# DATA UNDER STUDY:

---

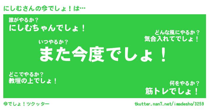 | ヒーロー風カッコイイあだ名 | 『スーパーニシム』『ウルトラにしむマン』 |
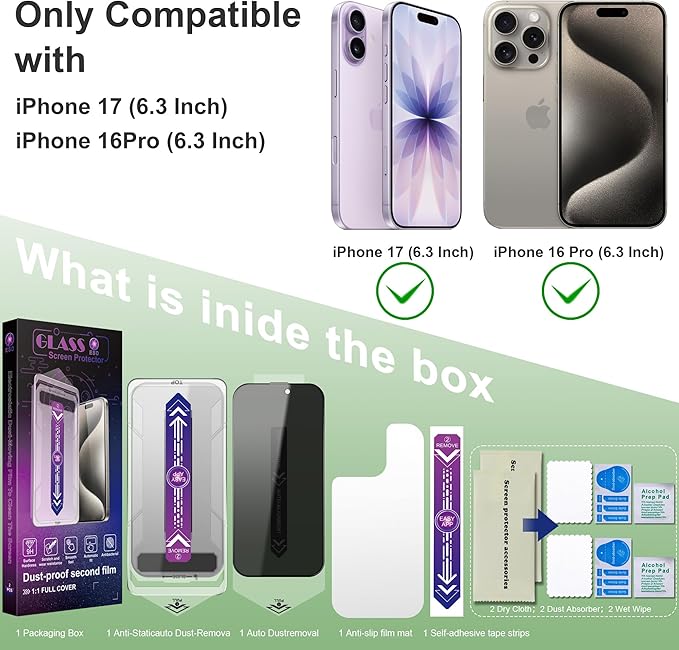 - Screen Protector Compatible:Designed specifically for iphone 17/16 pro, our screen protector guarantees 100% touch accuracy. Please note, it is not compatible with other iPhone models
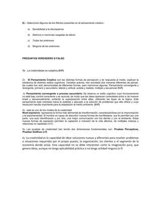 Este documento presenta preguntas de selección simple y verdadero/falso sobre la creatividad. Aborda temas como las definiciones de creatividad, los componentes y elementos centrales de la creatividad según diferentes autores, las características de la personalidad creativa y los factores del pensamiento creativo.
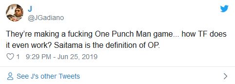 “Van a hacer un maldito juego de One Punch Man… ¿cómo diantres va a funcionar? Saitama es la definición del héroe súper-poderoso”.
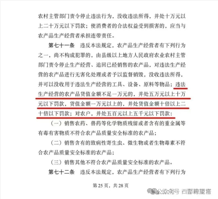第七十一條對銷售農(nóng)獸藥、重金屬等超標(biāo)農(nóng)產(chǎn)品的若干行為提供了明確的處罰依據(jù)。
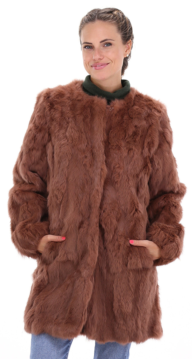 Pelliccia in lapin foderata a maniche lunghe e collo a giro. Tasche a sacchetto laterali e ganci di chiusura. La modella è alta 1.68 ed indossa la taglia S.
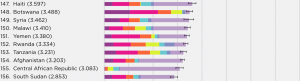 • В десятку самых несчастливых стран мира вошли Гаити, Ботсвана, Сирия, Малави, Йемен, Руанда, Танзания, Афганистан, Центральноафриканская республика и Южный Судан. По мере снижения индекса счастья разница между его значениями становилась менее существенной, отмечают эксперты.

---

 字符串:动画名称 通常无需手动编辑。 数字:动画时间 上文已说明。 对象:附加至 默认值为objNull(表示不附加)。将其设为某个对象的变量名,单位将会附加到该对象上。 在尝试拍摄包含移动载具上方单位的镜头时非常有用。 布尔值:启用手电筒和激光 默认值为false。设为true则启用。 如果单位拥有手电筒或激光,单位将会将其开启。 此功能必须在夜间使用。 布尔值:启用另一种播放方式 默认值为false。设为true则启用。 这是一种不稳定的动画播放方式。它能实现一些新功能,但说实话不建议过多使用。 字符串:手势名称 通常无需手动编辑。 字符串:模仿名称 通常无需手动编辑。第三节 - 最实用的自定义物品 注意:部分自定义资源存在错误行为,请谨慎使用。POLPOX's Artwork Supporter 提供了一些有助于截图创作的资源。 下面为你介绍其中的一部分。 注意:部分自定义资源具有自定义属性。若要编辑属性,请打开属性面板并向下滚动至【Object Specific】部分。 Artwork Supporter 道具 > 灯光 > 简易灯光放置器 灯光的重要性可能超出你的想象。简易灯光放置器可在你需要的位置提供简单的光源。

---

# WHAT IS REQUIRED:
Give back exactly, and solely, the section of the data above bounded by the line containing "第七十一條對銷售農(nóng" and the line containing "существенной, отмечают эксперты.", both bounding lines included and pictures omitted.

# RESPONSE TO THE TASK:
第七十一條對銷售農(nóng)獸藥、重金屬等超標(biāo)農(nóng)產(chǎn)品的若干行為提供了明確的處罰依據(jù)。
 Pelliccia in lapin foderata a maniche lunghe e collo a giro. Tasche a sacchetto laterali e ganci di chiusura. La modella è alta 1.68 ed indossa la taglia S.
 • В десятку самых несчастливых стран мира вошли Гаити, Ботсвана, Сирия, Малави, Йемен, Руанда, Танзания, Афганистан, Центральноафриканская республика и Южный Судан. По мере снижения индекса счастья разница между его значениями становилась менее существенной, отмечают эксперты.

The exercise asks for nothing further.